Exercise requirements ▸
Please keep pictures out of the copy, and print exactly the lines from the one containing "Tiffany & Co." through the end of the records.
(Records for processing begins)
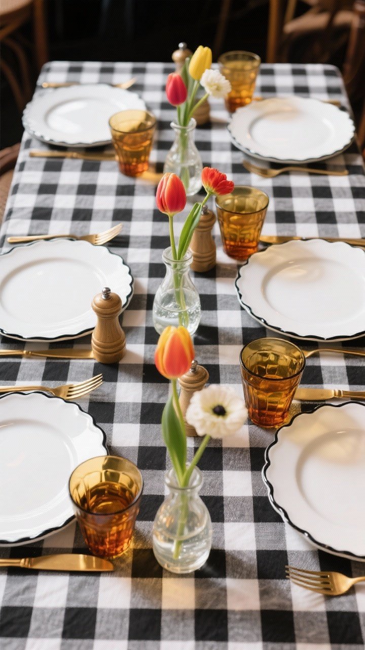 This look is playful, chic, and a little flirty. Start with a black-and-white check tablecloth as your stage. Layer on classic white dinner plates with scalloped edges and a thin black rim, plus brass flatware for a warm note.
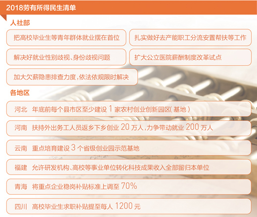 在全国层面,记者从人社部获悉:2018年促进“劳有所得”主要有以下重点——
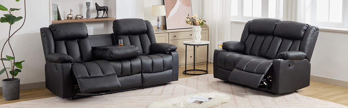 Brereton 3 Seat Recliner Sofa with Centre Console Black
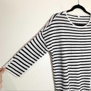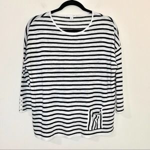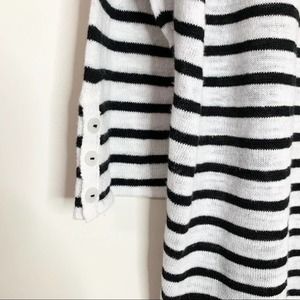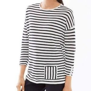This is a gently used women's J. Jill linen blend top in a black and white nautical stripe.
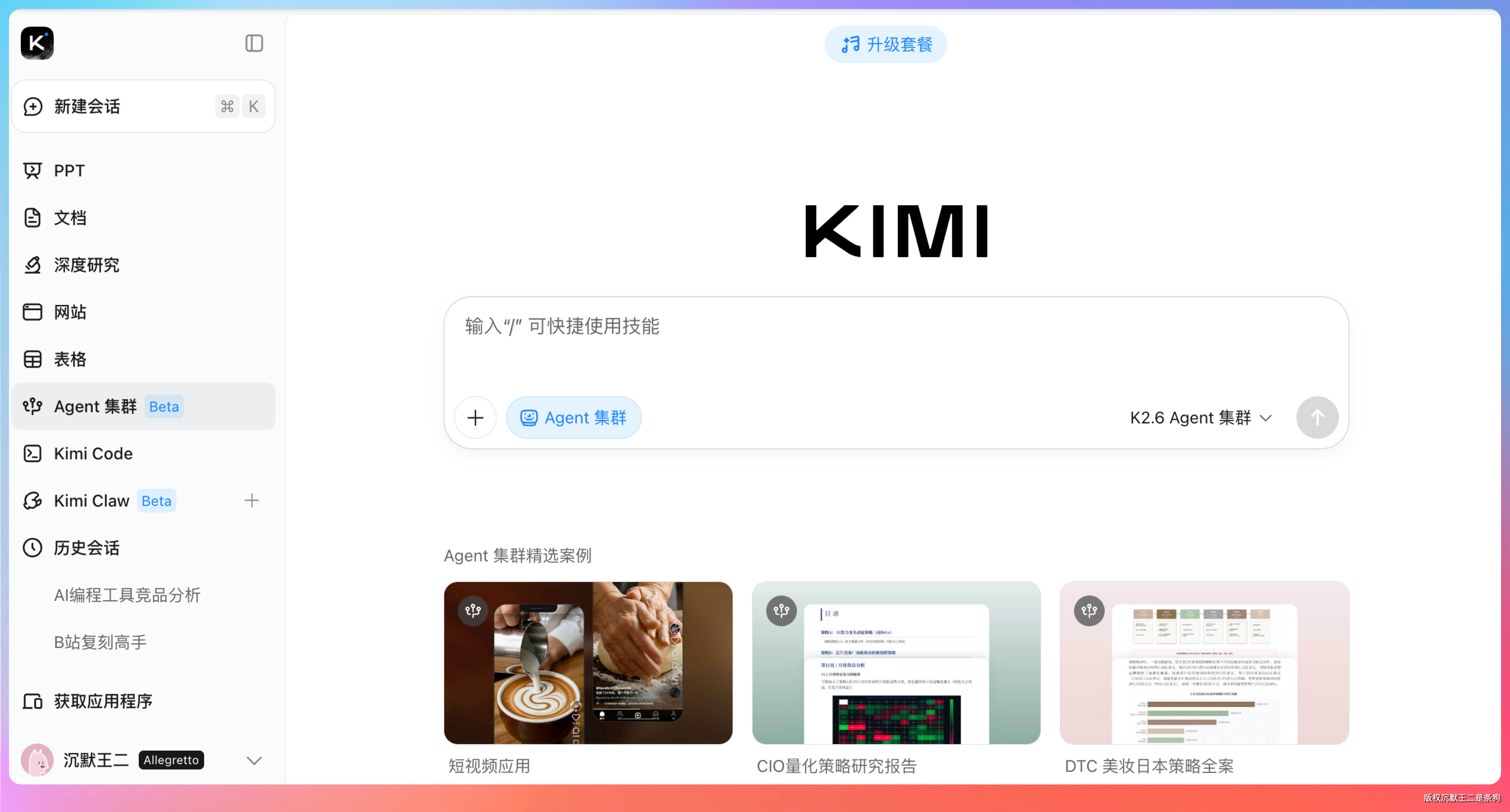 浏览器地址栏输入 kimi.com,进入 Agent 集群页面。
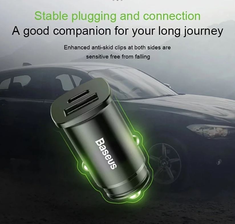 Baseus Square este un incarcator rapid pentru masini ce accepta multe standarde de incarcare rapida si este dotat cu un port USB si unul USB-C. Dispozitivul accepta tehnologii de incarcare rapida, cum ar fi QC 4.0, PD 3.0, Huawei SCP, Samsung AFC, MTK PE.
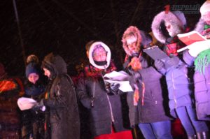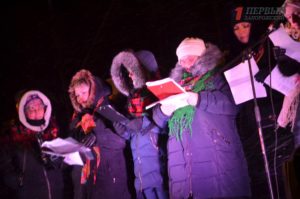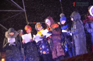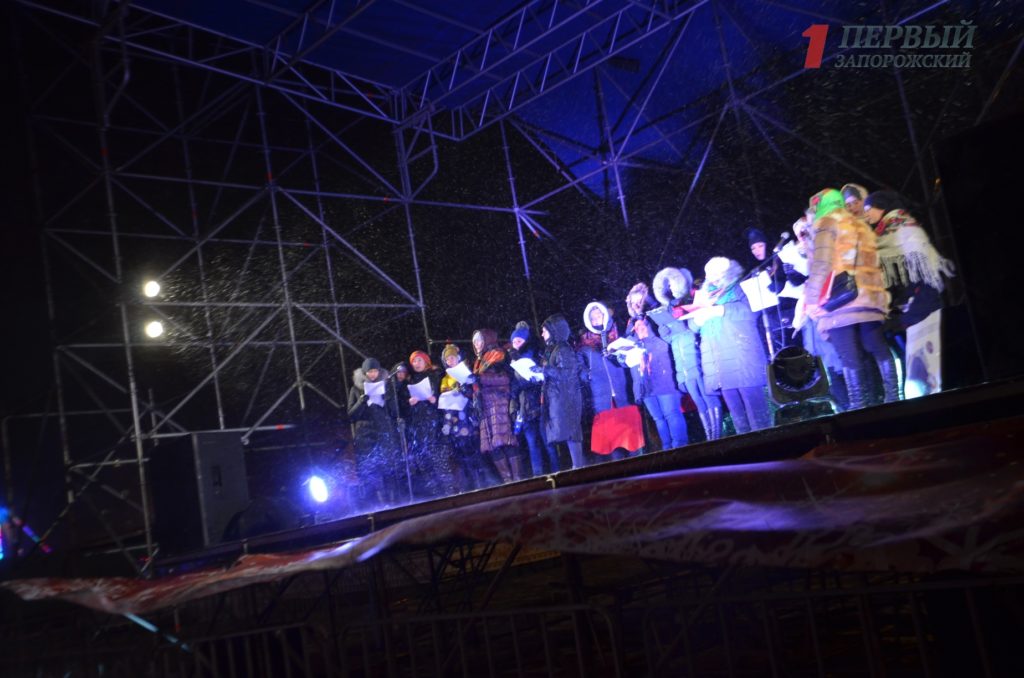 А с 18.00 на площади состоялся рождественский концерт, где запорожцы хором исполняли рождественские песнопения. Из-за неблагоприятной погоды слушателей было не так много, однако они весьма активно подпевали и подтанцовывали.
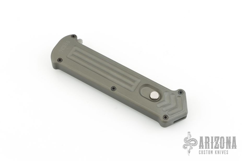 This Cupid #00102 by Rob Dalton features a bead blasted double edged partially serrated blade. The handle is comprised of a machined and gray anodized aluminum frame with bead blasted, tip down pocket clip. Excellent condition.
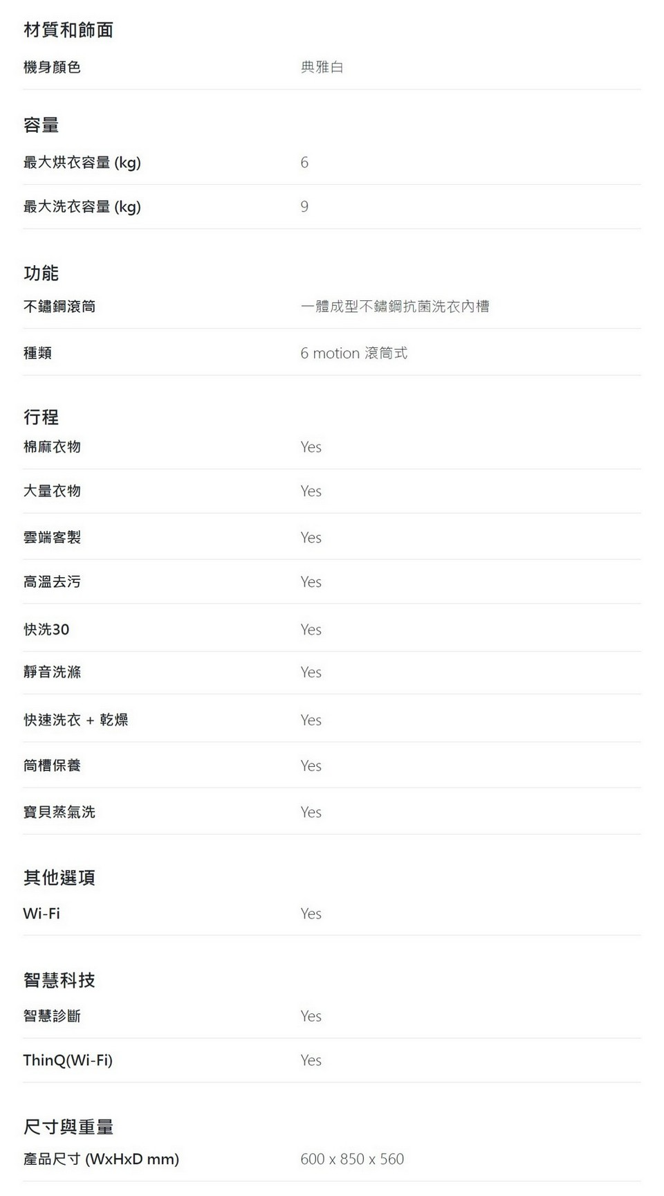LG 樂金 9公斤 滾筒洗衣機|冰瓷白|蒸洗脫烘 (洗9+烘6公斤) WD-S90VDW (含基本安裝)
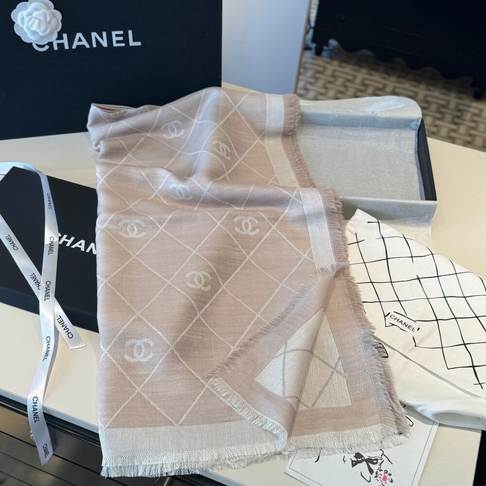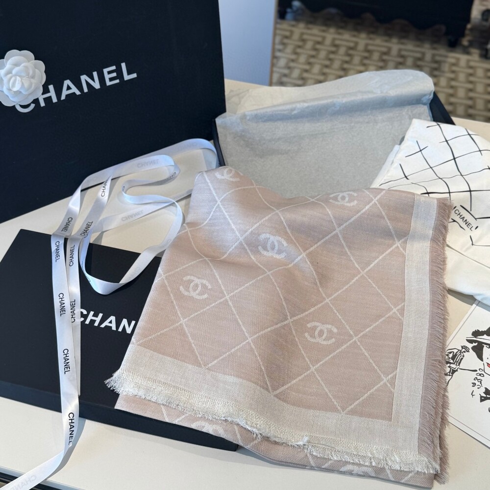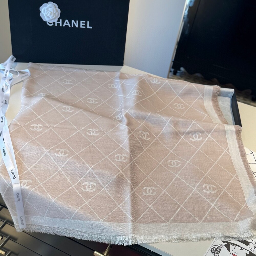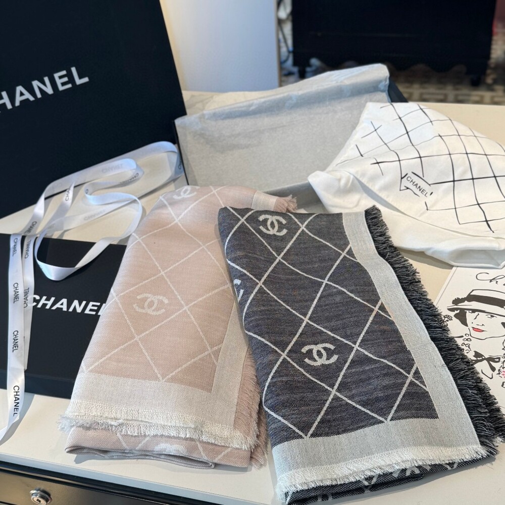 A timeless large scarf inspired by Chanel’s iconic camellia and classic check motif.
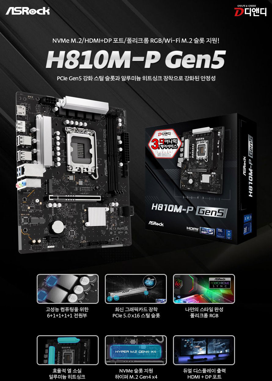 3년 다이나믹케어 서비스를 앞세워 혁신적인 IT 하드웨어 솔루션을 제공하는 디앤디컴(대표: 손권석, 이하 디앤디)에서 최신 인텔 플랫폼 기반의 메인스트림 메인보드 '애즈락 H810M-P Gen5'를 출시했다고 밝혔다.
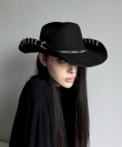 Gothic Style Black Chain Edge Suede Cowboy Hat
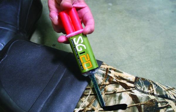 SG-20 is a blend of two polyurethane adhesive materials that sticks to neoprene, canvas and a variety of other materials. Damaged gear can be fixed by drying it out and applying SG-20, which comes in a syringe-like applicator that mixes the adhesives. According to the company, the repair takes about an hour. We won’t dare dispute that schedule, because the repaired boots were ready to go if we’d had an afternoon hunt planned.
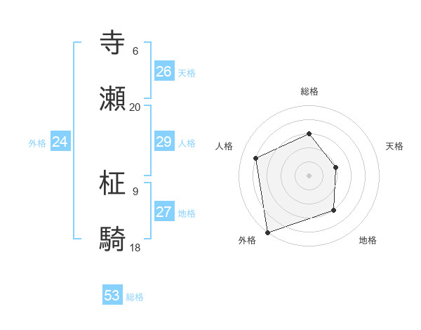 寺瀬 柾騎さんの天格は26画の2点!
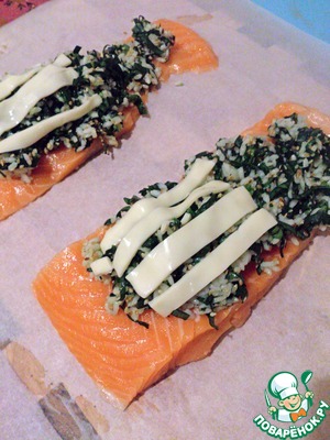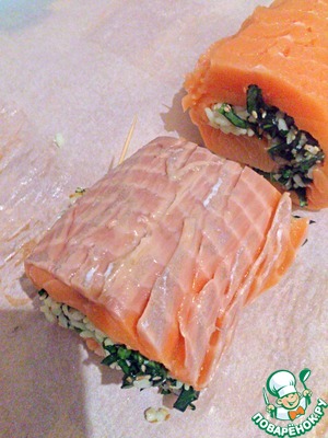 Ингредиенты для «Печёный фаршированный рулет из семги»:
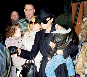 “時髦辣妹”維多利亞·貝克漢姆緊隨其后。黑風衣、大墨鏡、黑帽子——帽檐兒壓得很低幾乎看不到她的眼睛,臉上不帶絲毫笑容。不過她懷里抱著一個小孩——小兒子克魯茲,這個小家伙也穿著黑色皮衣,他好奇地打量著歡呼的人群,一臉茫然。
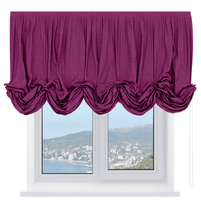 Австрийская штора вельвет фиолетовый, карниз верёвочный
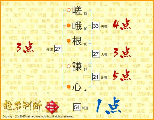嵯(13画)峨(10画)根(10画) 謙(17画)心(4画)
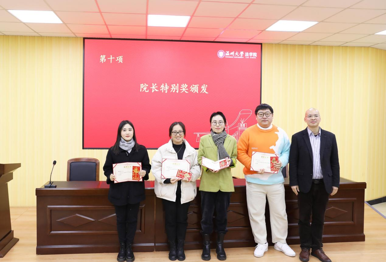 院长王宗正为任江、朱婉菁、柯莉拉、黄依瑶四位老师颁发了2021年度麻豆在线 院长特别奖。
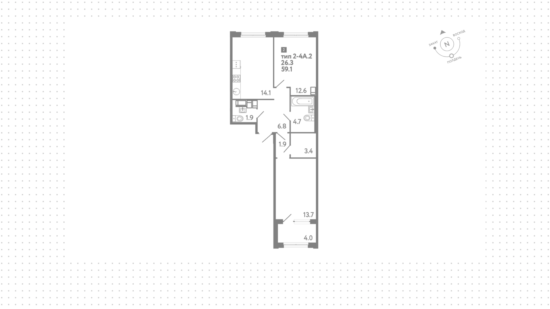 Квартиры c 2 спальнями, 59 м² в ЖК Струны, 5 этаж
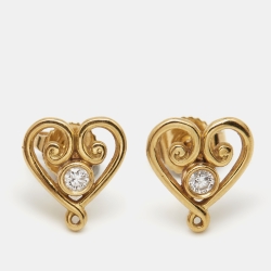 Tiffany & Co. Venezia Heart Diamond 18k Yellow Gold Stud Earrings
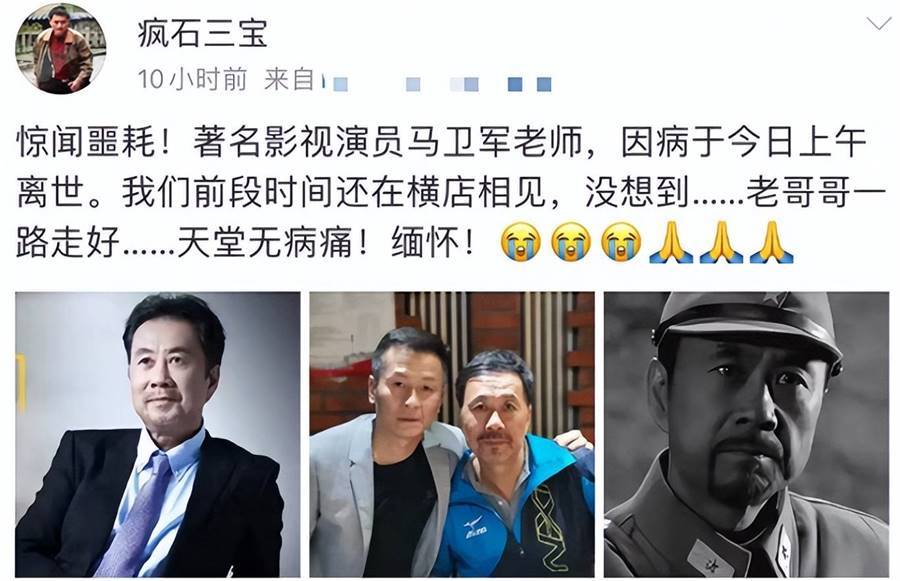 尤其是演員瘋石三寶,更是和大家透露了馬衛軍去世的經過,稱馬衛軍實際上是在9月13日去世的,當時的他走的非常突然,讓很多人都沒有準備,就連他也是接到電話后,才得知對方去世的消息。
(Records for processing ends)
Reply to the task ▸
 Tiffany & Co. Venezia Heart Diamond 18k Yellow Gold Stud Earrings
 尤其是演員瘋石三寶,更是和大家透露了馬衛軍去世的經過,稱馬衛軍實際上是在9月13日去世的,當時的他走的非常突然,讓很多人都沒有準備,就連他也是接到電話后,才得知對方去世的消息。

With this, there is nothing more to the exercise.